At Tulsa, Harris got better every year, finishing as Tulsa’s all-time leading scorer with 2,272 points. He is still second on the list, 16 points behind current TU assistant Shea Seals. He still ranks 2nd in steals with 271 -- just 28 behind Eric Coley.

He has a career scoring average of 18.6 points, including 23.6 in his senior season where he shot 54.7 percent from the field.

One of the funny memories I have of Harris was at the old Mabee Gym at TU. I was with some friends playing on one court, and across the gym I saw this left-handed player draining every shot he took. I couldn’t tell who he was, since his back was to me.

It didn't take long until I realized it was Harris. He was working on his left-handed shot. Truly amazing.

Drafted by the Houston Rockets, Harris played in the NBA finals his first season on a loaded team, and never really got the chance he deserved in five NBA seasons. Still, he averaged seven points per game in only 13.7 minutes per game over his NBA career.

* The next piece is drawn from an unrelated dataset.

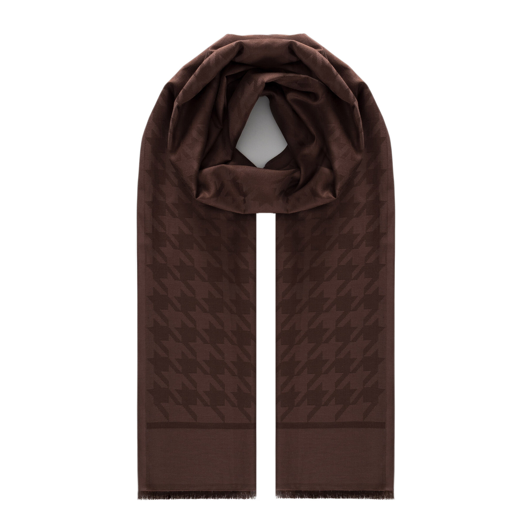 A brown cotton silk blend scarf highlighted with the timeless houndstooth pattern throughout.

Watching him score 22 and 18 points in two games against the then mighty Boston Celtics in his second season was proof he could have been an NBA standout if given the chance.

It was touching for the TU players to wear a patch of his #20 on their uniforms Tuesday night, in Tulsa’s smashing win over Temple, to commemorate the 52-year-old Harris’ passing from colon cancer the day before.

Even in his last days, he was touching lives.

For those who knew him, knew of him, or saw him play, they all know he was one-of-a-kind.